More often than not, Black people suffer the consequences regardless of the ways we respond to imposed social vulnerability. A Black man who tunes out the world with headphones can make himself physically vulnerable to a gunshot in his back by a law-enforcement officer. A Black woman who displays too much emotional vulnerability is often deemed unprofessional or characterized as “the angry Black woman.” As a whole, communities who spoke out on their imposed vulnerability to COVID-19, police brutality, and other systemic issues in the #BlackLivesMatter movements of summer 2020 were met with the very type of violence that they were protesting. 

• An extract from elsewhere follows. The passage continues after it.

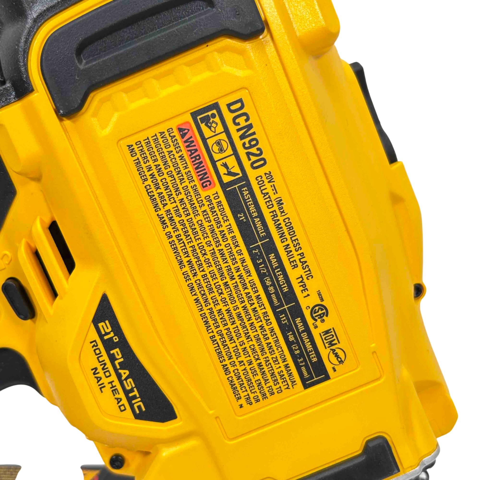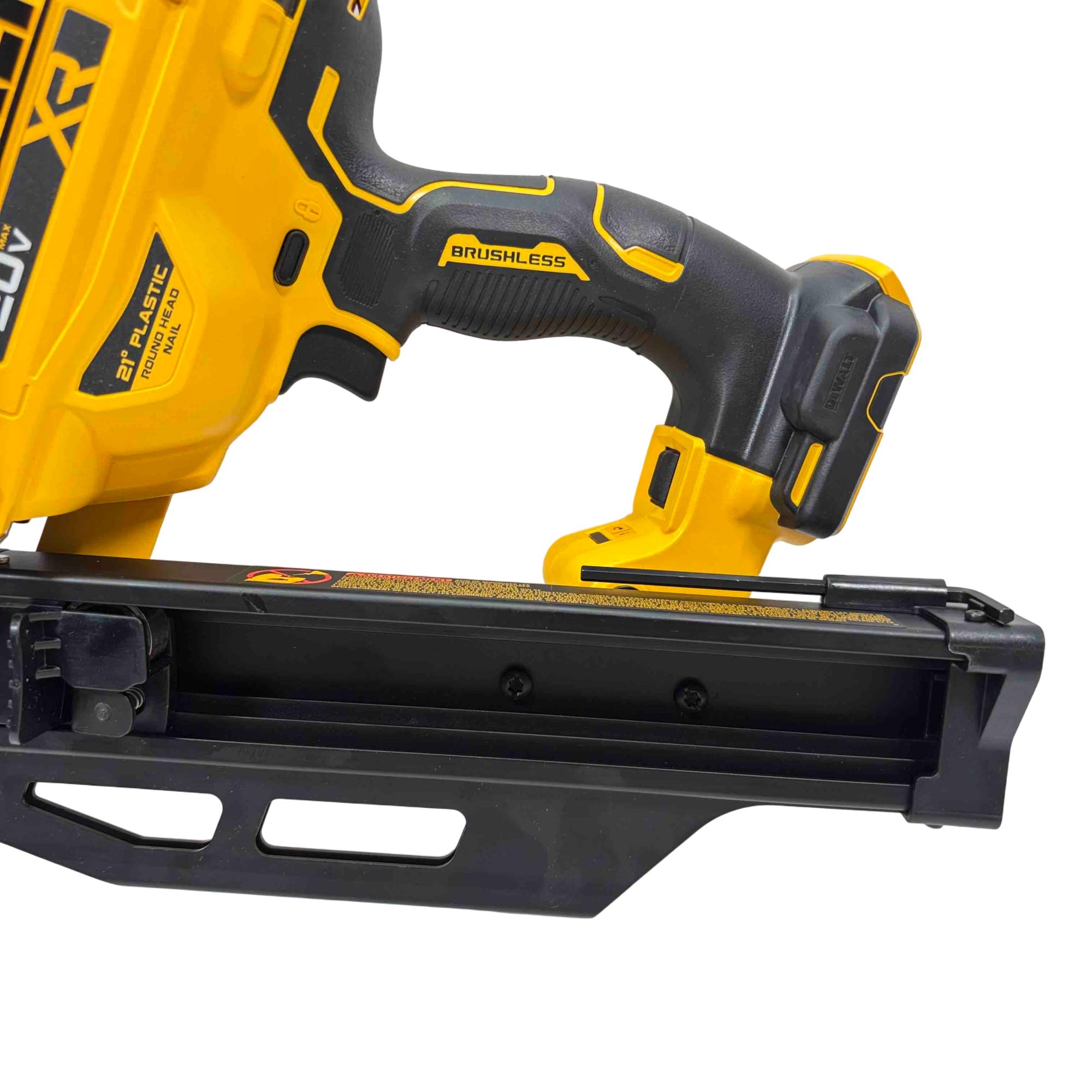 Experience unmatched power and precision with the DEWALT DCN920 20V MAX XR Brushless 21-Degree Cordless Framing Nailer. Designed to handle tough jobs, this professional-grade tool runs on DeWalts reliable 20V battery system and features a brushless motor for longer runtime, increased efficiency, and less maintenance. Perfect for framing, it accepts 21-degree plastic collated nails and is built for durability, helping you work faster and smarter on any site.

There is a distinction to be made here between the harm caused by imposed social vulnerability maintained as a systemic power tool and that of willing vulnerability as a mechanism of agency. When vulnerability is actively chosen, Black individuals are able to utilize their vulnerability in service of immense social change. Change germinates at the moment of decision. America was forever changed when Harriet Tubman decided to make 300+ trips on the Freedom Trail to free those who were enslaved, when Dr. Martin Luther King Jr. chose non-violence as a civil rights strategy, and again most recently, when activists all over the world chose to look their oppressors in the face and insist upon the value of their Black lives. A willingness to be vulnerable is a catalyst of courage, strength, and future-oriented thinking that aims to turn unjust reality into illustrated truth. 

anabella.png

Two hundred forty-five years ago, Thomas Jefferson constitutionally declared a self-evident truth: All men are created equal. Equality is declared a natural right in the founding document of the United States of America. But both recent political events and the COVID-19 pandemic have shown how far American reality has strayed from this principle. So how do we make this self-evident truth into our reality? By continuing to do what we have for so long: willingly put ourselves into vulnerable positions for the sake of creating real progressive change and in search of achieving what we know to be self-evidently true. 

As yet another decade and presidential administration come to an end, it is critical that people understand how the already disparate areas of healthcare, economics, and social injustice have manifested as a triple-layered pandemic. 2020 undoubtedly reflected glaring systemic contrasts between security as attained by economic privilege versus the risk factors inflicted by socially imposed vulnerability. The pandemic has also illuminated how willing vulnerability can be used as a methodology toward achieving true democracy––one where all people are empowered to seek equality. So to the privileged who consider comfort a right and vulnerability as an equally afforded standard, I ask that you recognize how imposed social vulnerability has been systematically used to hold marginalized people back from accessing the democratic ideal. To the underprivileged, I ask that you embrace the triumphs of our collective history and continue to challenge dominant narratives that suggest that choosing vulnerability is weakness. Recognize that your willing vulnerability is a source of immense agency that has potential to continuously benefit you and your communities in the ongoing fight for social equality more than you might have ever imagined.